## WHAT TO PRODUCE
What's needed is an exact copy of the lines from the one that contains "Кокосовая койра (x2)5Натуральный" to the end of the data below, leaving the pictures out.

____________

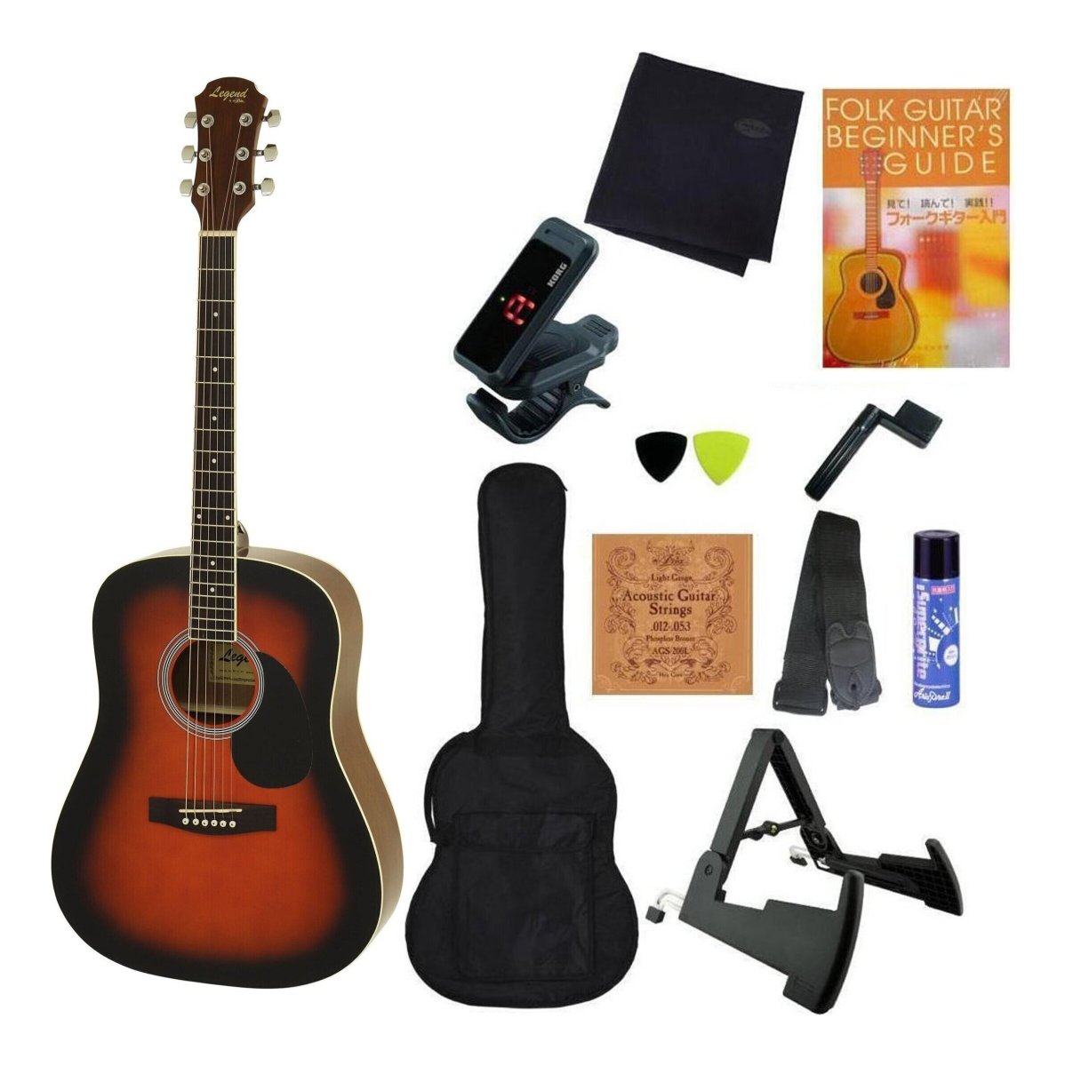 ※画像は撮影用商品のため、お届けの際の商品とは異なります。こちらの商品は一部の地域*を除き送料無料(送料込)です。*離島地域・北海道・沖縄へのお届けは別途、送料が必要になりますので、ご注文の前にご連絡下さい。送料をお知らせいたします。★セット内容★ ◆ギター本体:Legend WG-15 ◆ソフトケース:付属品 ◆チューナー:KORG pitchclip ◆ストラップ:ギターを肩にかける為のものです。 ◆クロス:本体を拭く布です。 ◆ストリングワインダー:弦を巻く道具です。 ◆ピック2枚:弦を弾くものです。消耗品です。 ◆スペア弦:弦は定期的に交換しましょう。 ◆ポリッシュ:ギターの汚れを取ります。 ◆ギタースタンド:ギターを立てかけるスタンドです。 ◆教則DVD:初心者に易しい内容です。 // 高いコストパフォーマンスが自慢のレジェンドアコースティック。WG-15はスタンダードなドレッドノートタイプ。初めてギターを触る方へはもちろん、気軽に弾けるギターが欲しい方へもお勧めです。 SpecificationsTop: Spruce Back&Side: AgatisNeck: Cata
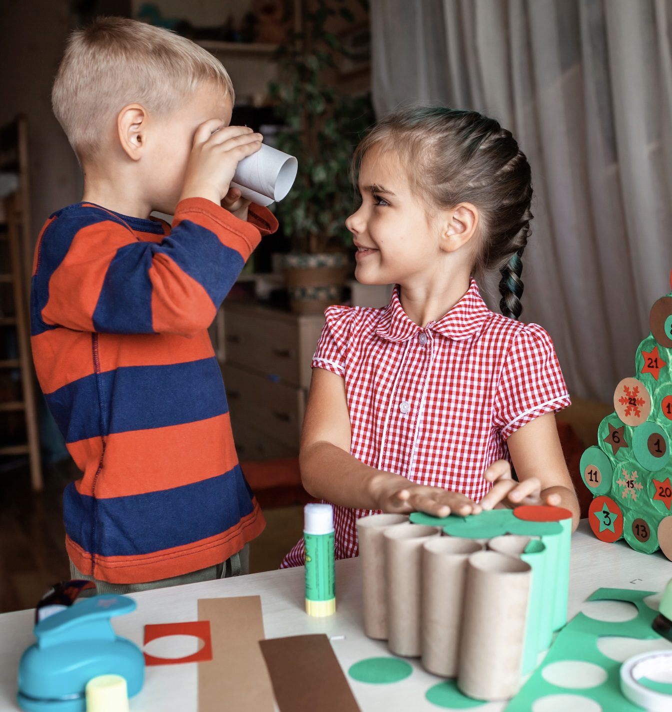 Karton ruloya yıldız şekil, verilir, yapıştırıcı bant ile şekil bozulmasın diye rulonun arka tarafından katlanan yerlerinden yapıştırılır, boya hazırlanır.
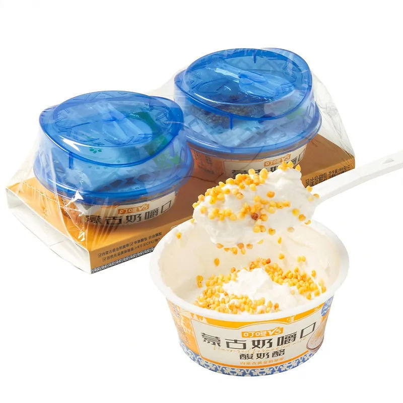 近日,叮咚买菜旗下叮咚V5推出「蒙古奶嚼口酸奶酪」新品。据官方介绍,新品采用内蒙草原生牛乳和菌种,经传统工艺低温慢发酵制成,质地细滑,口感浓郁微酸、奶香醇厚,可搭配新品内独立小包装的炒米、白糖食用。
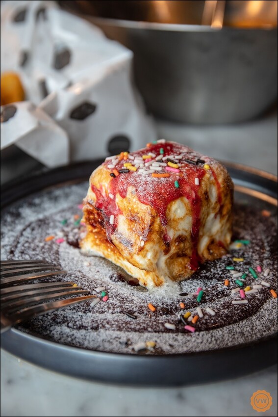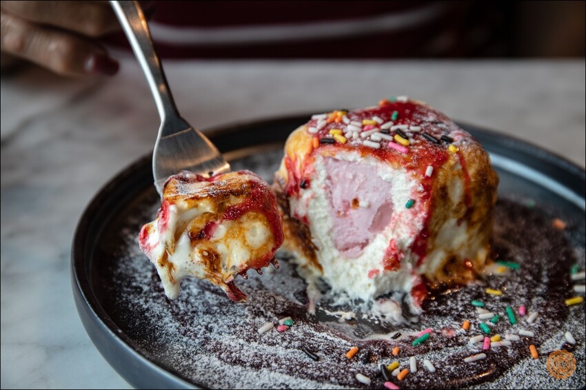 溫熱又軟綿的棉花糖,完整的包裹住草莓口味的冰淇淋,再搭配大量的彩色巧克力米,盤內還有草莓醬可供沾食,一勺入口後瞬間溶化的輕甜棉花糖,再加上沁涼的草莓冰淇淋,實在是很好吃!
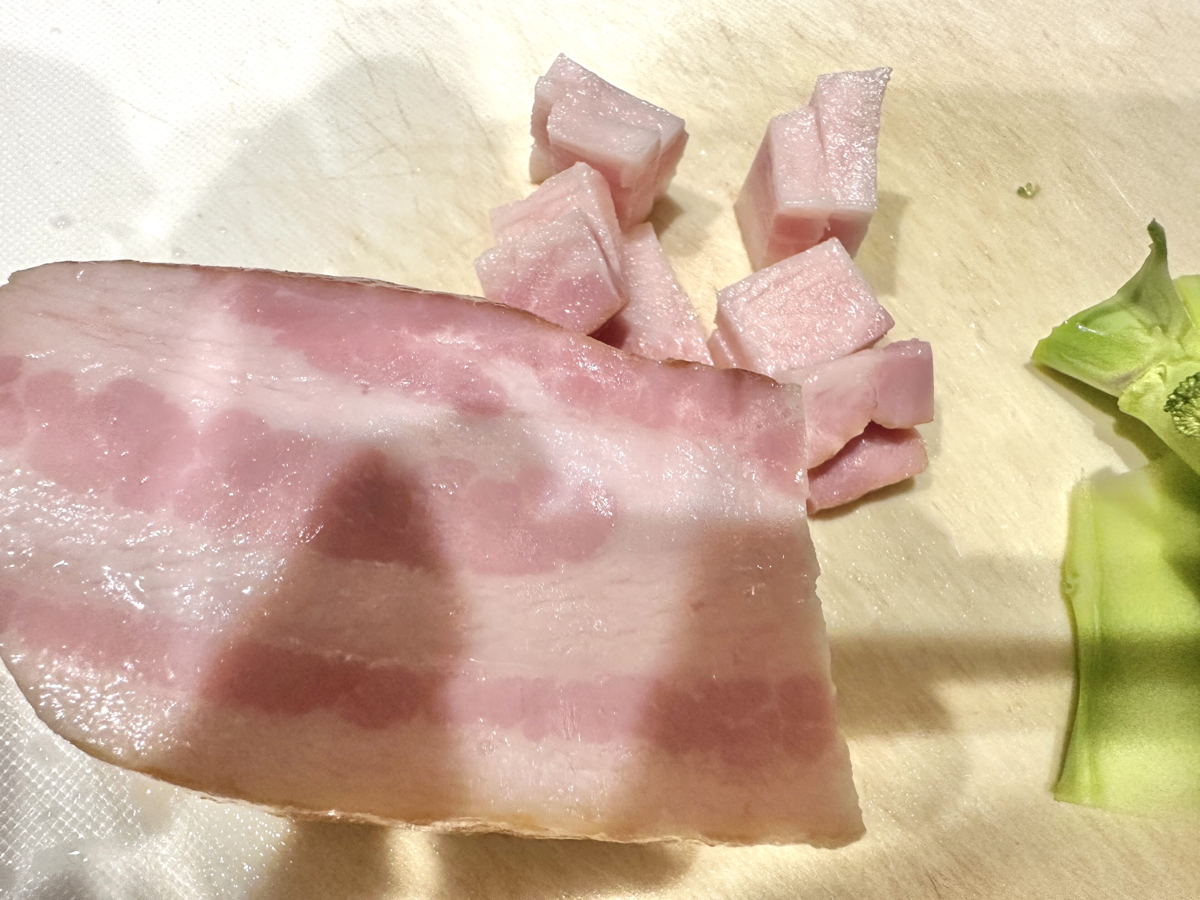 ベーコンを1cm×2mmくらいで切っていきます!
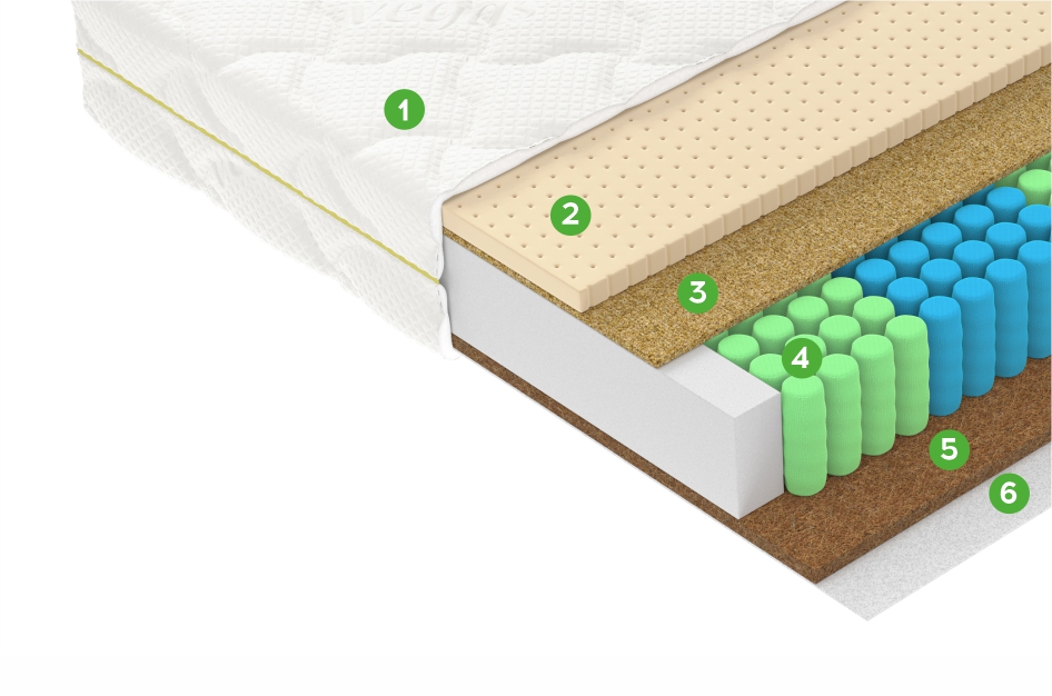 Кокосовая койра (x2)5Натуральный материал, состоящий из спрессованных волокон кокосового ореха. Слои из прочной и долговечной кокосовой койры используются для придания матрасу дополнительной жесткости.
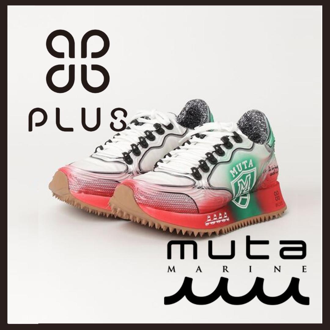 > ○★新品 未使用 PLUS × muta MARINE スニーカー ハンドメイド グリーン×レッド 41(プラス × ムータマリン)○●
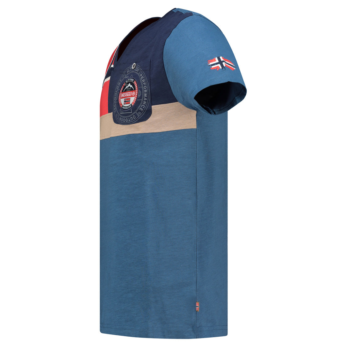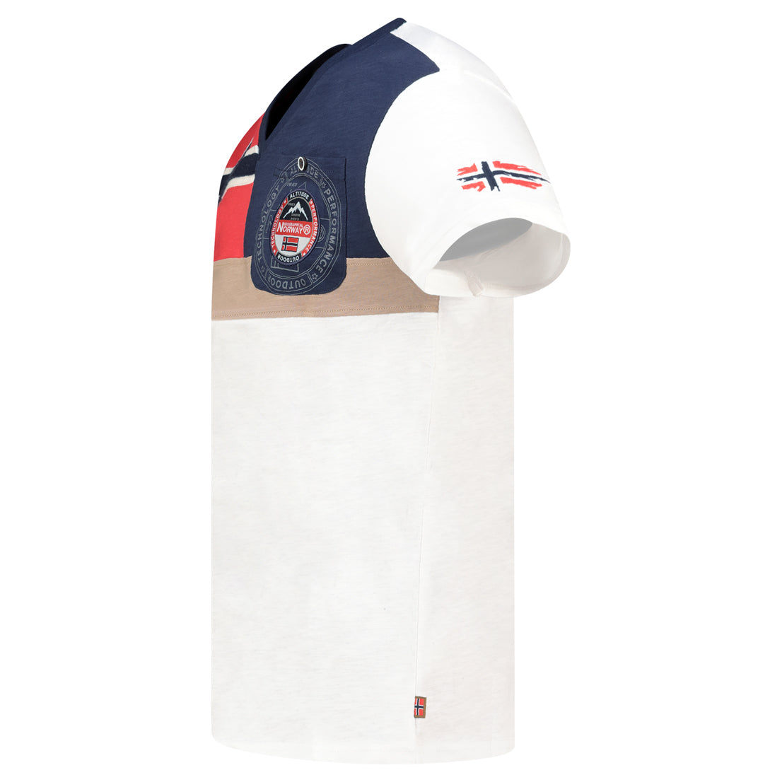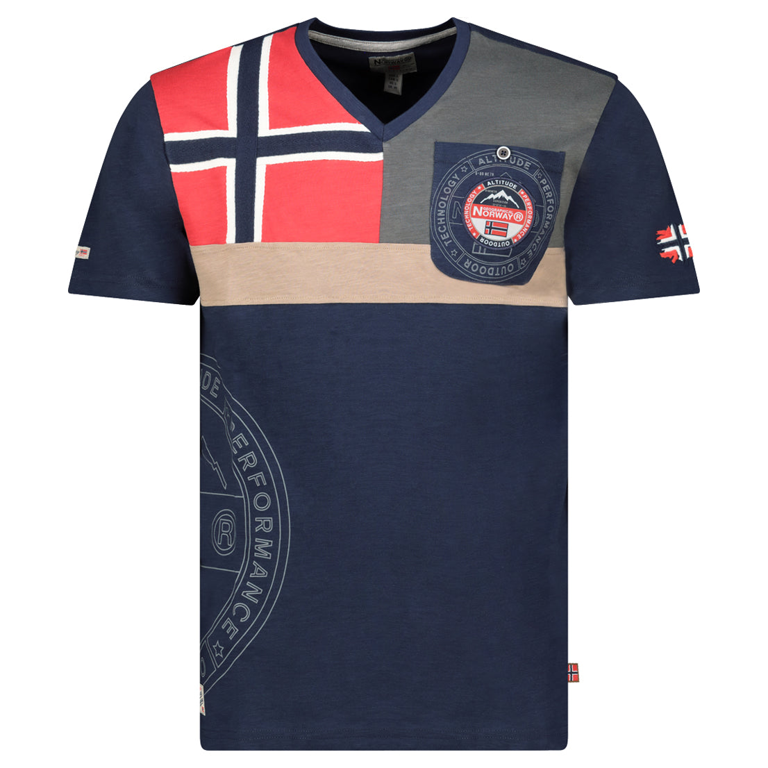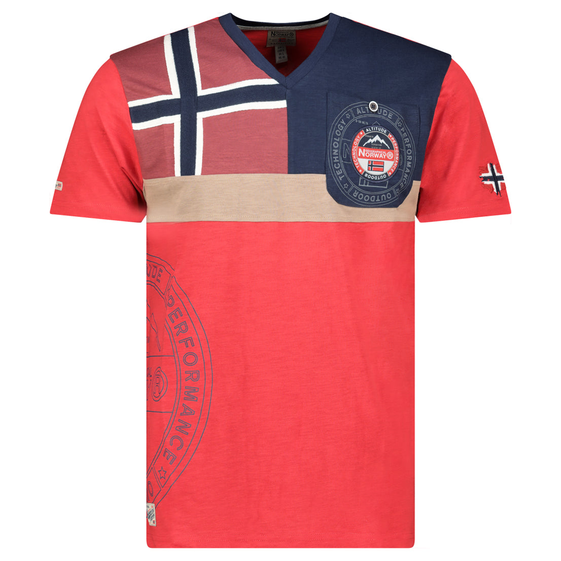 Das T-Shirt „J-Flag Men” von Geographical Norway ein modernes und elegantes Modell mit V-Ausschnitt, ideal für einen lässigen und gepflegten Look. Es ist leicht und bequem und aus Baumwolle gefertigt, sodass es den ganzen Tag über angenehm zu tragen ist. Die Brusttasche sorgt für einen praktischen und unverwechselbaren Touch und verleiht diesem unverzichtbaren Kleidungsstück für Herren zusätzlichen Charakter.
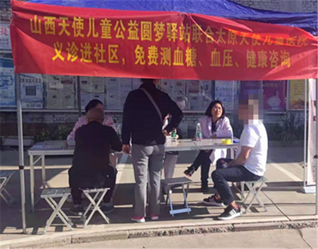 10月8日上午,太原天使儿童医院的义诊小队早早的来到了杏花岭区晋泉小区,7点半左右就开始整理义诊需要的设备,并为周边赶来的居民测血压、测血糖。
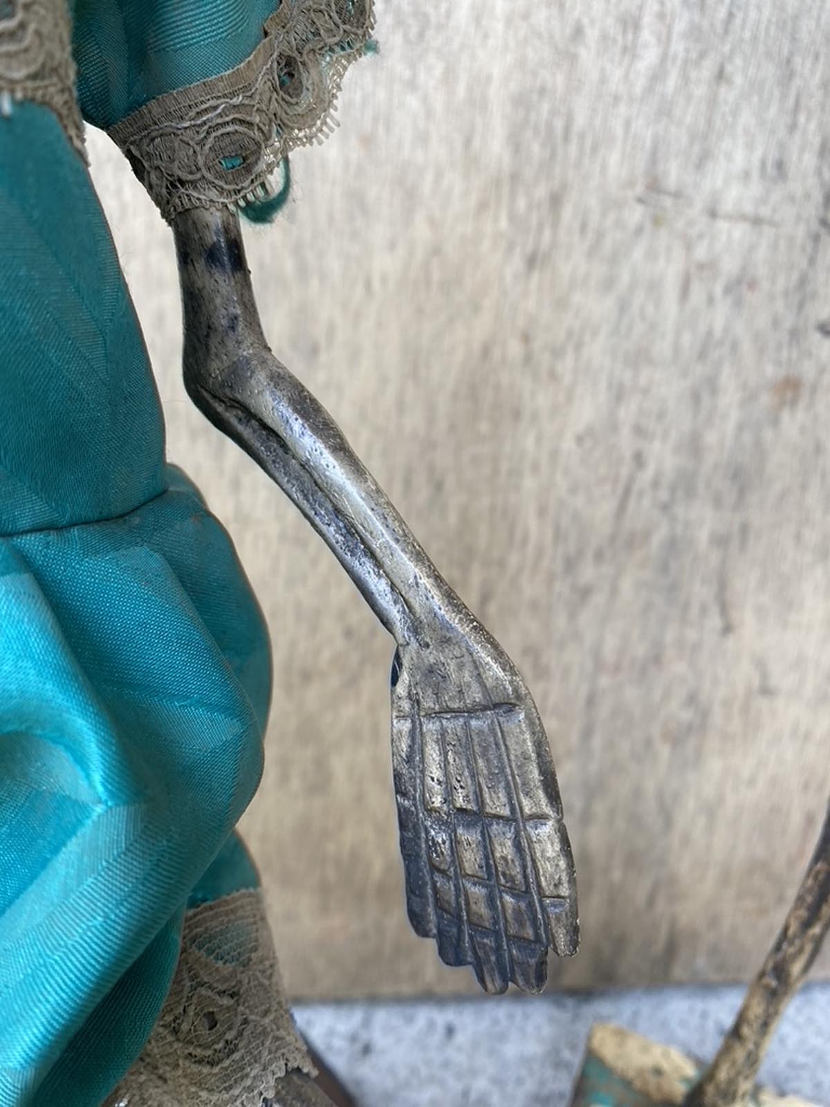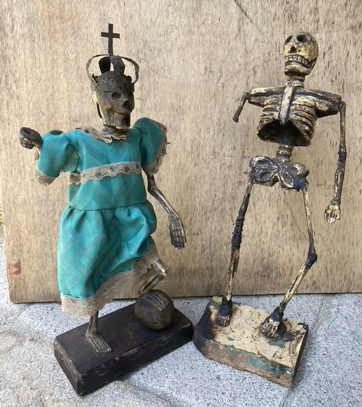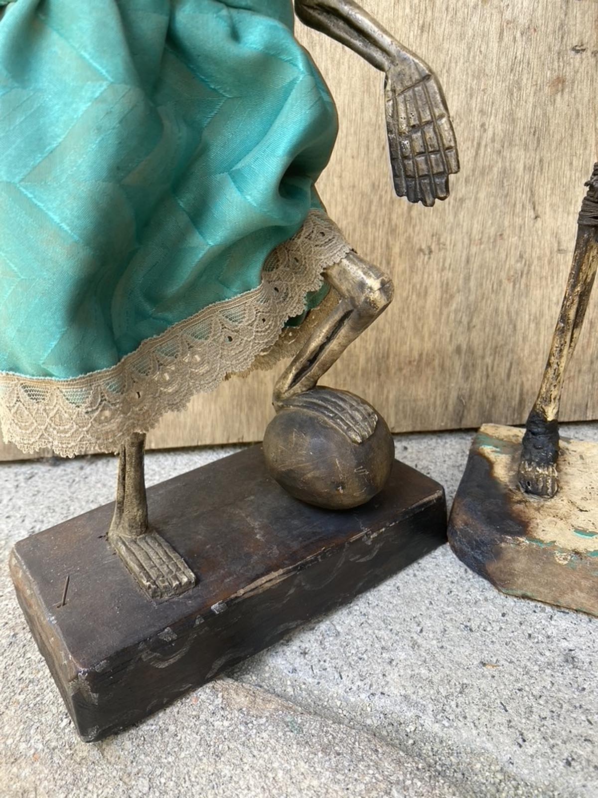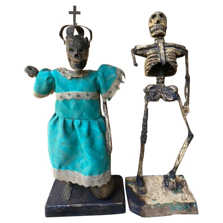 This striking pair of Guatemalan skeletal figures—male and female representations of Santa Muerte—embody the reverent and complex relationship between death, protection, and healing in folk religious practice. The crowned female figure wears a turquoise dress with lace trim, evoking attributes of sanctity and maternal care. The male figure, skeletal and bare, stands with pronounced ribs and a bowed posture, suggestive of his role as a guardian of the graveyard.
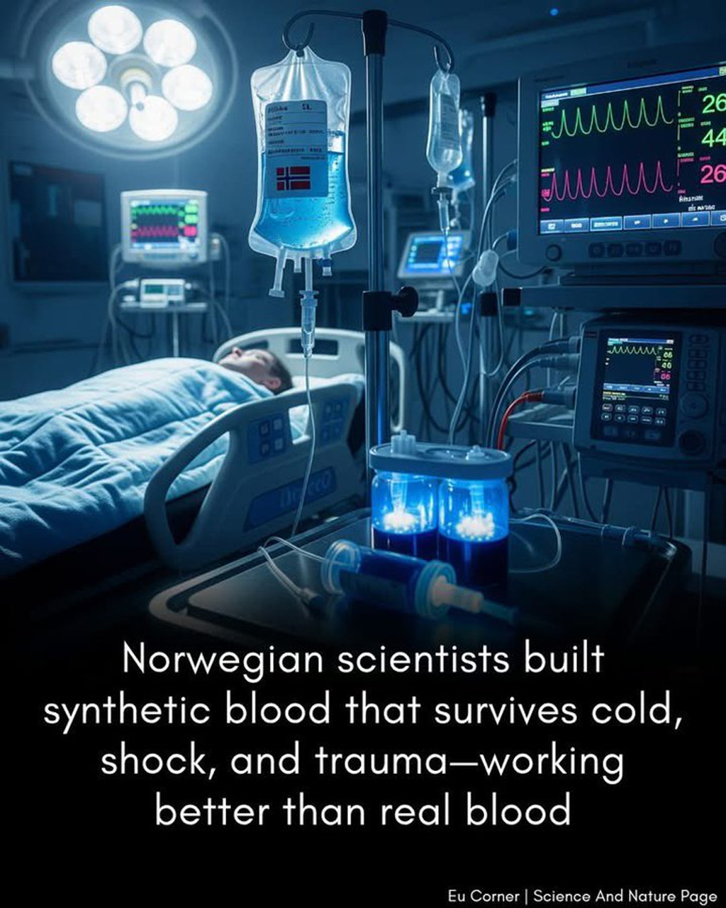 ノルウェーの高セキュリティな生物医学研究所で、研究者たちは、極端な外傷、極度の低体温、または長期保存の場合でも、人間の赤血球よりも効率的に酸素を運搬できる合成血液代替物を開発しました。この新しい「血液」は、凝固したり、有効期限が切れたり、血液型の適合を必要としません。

____________

## ANSWER
 Кокосовая койра (x2)5Натуральный материал, состоящий из спрессованных волокон кокосового ореха. Слои из прочной и долговечной кокосовой койры используются для придания матрасу дополнительной жесткости.
 > ○★新品 未使用 PLUS × muta MARINE スニーカー ハンドメイド グリーン×レッド 41(プラス × ムータマリン)○●
 Das T-Shirt „J-Flag Men” von Geographical Norway ein modernes und elegantes Modell mit V-Ausschnitt, ideal für einen lässigen und gepflegten Look. Es ist leicht und bequem und aus Baumwolle gefertigt, sodass es den ganzen Tag über angenehm zu tragen ist. Die Brusttasche sorgt für einen praktischen und unverwechselbaren Touch und verleiht diesem unverzichtbaren Kleidungsstück für Herren zusätzlichen Charakter.
 10月8日上午,太原天使儿童医院的义诊小队早早的来到了杏花岭区晋泉小区,7点半左右就开始整理义诊需要的设备,并为周边赶来的居民测血压、测血糖。
 This striking pair of Guatemalan skeletal figures—male and female representations of Santa Muerte—embody the reverent and complex relationship between death, protection, and healing in folk religious practice. The crowned female figure wears a turquoise dress with lace trim, evoking attributes of sanctity and maternal care. The male figure, skeletal and bare, stands with pronounced ribs and a bowed posture, suggestive of his role as a guardian of the graveyard.
 ノルウェーの高セキュリティな生物医学研究所で、研究者たちは、極端な外傷、極度の低体温、または長期保存の場合でも、人間の赤血球よりも効率的に酸素を運搬できる合成血液代替物を開発しました。この新しい「血液」は、凝固したり、有効期限が切れたり、血液型の適合を必要としません。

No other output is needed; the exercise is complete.